VSAPI & NVP Pattern Matches

   Perhaps the easiest events to report on, the highest confidence detections of course are pattern
    detections. TD uses VSAPI and NVP patterns to detect malicious files and attacks on the network.
   It is common for multiple hosts on the network to be affected by the same pattern or group of patterns
    around the same time span, so look for all the hosts affected by the pattern(s) and group them together
    into one item on the report. The item should contain the IP addresses of the hosts affected, the log time
    of the detections (for multiple detections, use the latest date), the pattern names, and if the patterns
    are for NVP, the source IP addresses from where the attacks came.

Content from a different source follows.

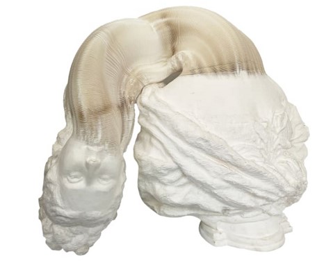 Au-delà de l’impression 3D permettant facilement la fabrication additive en résine (figure 6, par exemple), l’enjeu actuel est l’ouverture vers la gamme la plus large, pour ne pas dire infinie, des matériaux se prêtant à la fabrication additive et la reproduction des formes et effets créés virtuellement. La fabrication additive se posera bien alors, tel que son potentiel l’affiche actuellement, comme le bras, si ce n’est armé mais au moins outillé, du numérique : le bras en question n’étant autre que celui du robot qui équipe la plupart des procédés qui la composent. La pénétration dans l’art de la fabrication rapide/impression 3D a été précédée de celle dans le domaine de la décoration et du design, plus prompts à explorer la capacité à produire facilement (et pas cher) de nouvelles formes, à l’exemple du prototypage rapide industriel. A l’inverse, la copie rapide de formes existantes constitue un autre atout de la fabrication additive. Il est donc normal que la haute couture et la haute culture figurent parmi les premiers intéressés. Dans le milieu de la mode, Iris Van Harpen fut pionnière, avec la création de robes, présentées au Musée de la dentelle de Calais dès 2013. Il s’agit bien de dentelle, en effet, mais de plastique, obtenue par polymérisation sous faisceau laser. De telles formes complexes sont aujourd’hui réalisables en métal : en n’importe quel matériau d’ailleurs sauf en tissu, ce qui est un comble, soit dit en passant. La copie par fabrication additive, souvent préférée au moulage/modelage de résines ou de stuc par exemple, intéresse la sauvegarde et/ou la présentation muséale d’œuvres de tous genres, pour les rendre plus accessibles au public, y compris pour les toucher.

   You should try to find a Trend Virus Encyclopedia entry for each pattern name and link to the entry from
    the pattern name in the report: http://www.trendmicro.com/vinfo/virusencyclo/default.asp
   It is also common to see the ‘Suspicious Packed File’ rule detection surrounding VSAPI pattern detections
    over HTTP. These files are other components of the malware or other malware in a payload and can be
    referred to as suspicious when reporting the incident.
   Much like with the spam related rules, the NVP detections that are internal are a higher priority than the
    external detections. Internal NVP detections tell us that an internal host is attacking other machines on
    the internet and is probably infected. You can determine if the pattern is an NVP pattern by looking at
    the protocol or risk type of the log.
    (refer to TD_report_SILGAN_20070808.doc & TD_report_JSUN_20070822.doc)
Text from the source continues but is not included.